● MATERIAL FOR THIS EXERCISE
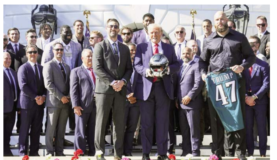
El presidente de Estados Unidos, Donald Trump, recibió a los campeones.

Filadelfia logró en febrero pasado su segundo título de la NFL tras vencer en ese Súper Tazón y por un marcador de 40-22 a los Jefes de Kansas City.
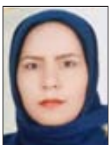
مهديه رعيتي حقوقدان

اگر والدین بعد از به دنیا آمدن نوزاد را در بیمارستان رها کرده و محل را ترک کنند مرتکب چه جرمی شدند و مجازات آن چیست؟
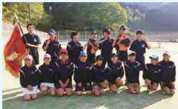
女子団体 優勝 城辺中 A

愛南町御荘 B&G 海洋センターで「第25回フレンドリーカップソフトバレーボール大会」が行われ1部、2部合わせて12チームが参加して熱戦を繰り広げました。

--

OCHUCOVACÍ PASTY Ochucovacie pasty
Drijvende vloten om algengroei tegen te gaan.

● WHAT YOU NEED TO DO
Starting at the line above that contains "OCHUCOVACÍ PASTY Ochucovacie pasty", write out each line exactly until the line that contains "Drijvende vloten om algengroei tegen te gaan." has been written, and stop there.

● THE COMPLETED TASK
OCHUCOVACÍ PASTY Ochucovacie pasty
Drijvende vloten om algengroei tegen te gaan.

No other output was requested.